**REQUIRED WORK**
In the data below, find the line containing "担 当：長岡市福祉総務課 受託運営：社会福祉法人長岡市社会福祉協議会 権利擁護支援課" and the line containing "Posko covid Desa jandi", then reproduce them and every line between, exactly. Omit pictures.

**MATERIAL TO PROCESS**
================
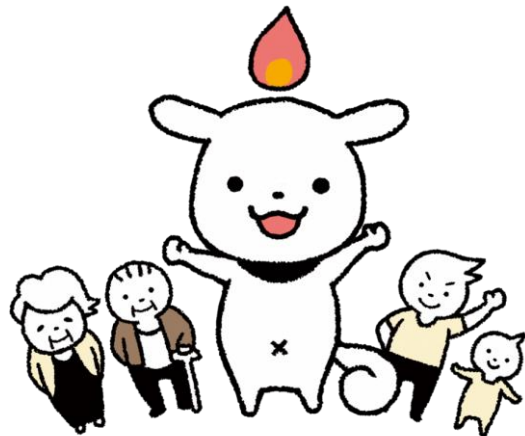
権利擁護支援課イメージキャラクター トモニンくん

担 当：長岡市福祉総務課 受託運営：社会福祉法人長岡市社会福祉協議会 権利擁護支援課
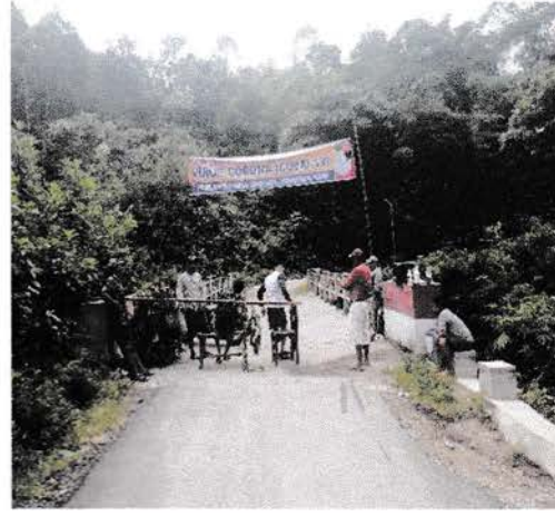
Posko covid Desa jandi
================
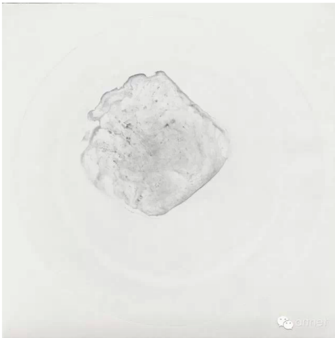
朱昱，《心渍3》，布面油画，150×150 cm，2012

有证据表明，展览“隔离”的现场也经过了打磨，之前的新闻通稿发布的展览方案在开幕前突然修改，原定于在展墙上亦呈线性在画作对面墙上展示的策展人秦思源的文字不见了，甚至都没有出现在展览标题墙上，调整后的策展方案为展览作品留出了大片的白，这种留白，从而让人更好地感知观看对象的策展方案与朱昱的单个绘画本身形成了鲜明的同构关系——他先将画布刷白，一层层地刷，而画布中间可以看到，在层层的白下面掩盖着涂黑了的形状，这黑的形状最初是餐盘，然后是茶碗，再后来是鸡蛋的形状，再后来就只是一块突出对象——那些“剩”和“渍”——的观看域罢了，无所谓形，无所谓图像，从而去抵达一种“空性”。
================
**THE COMPLETED TASK**
担 当：長岡市福祉総務課 受託運営：社会福祉法人長岡市社会福祉協議会 権利擁護支援課
Posko covid Desa jandi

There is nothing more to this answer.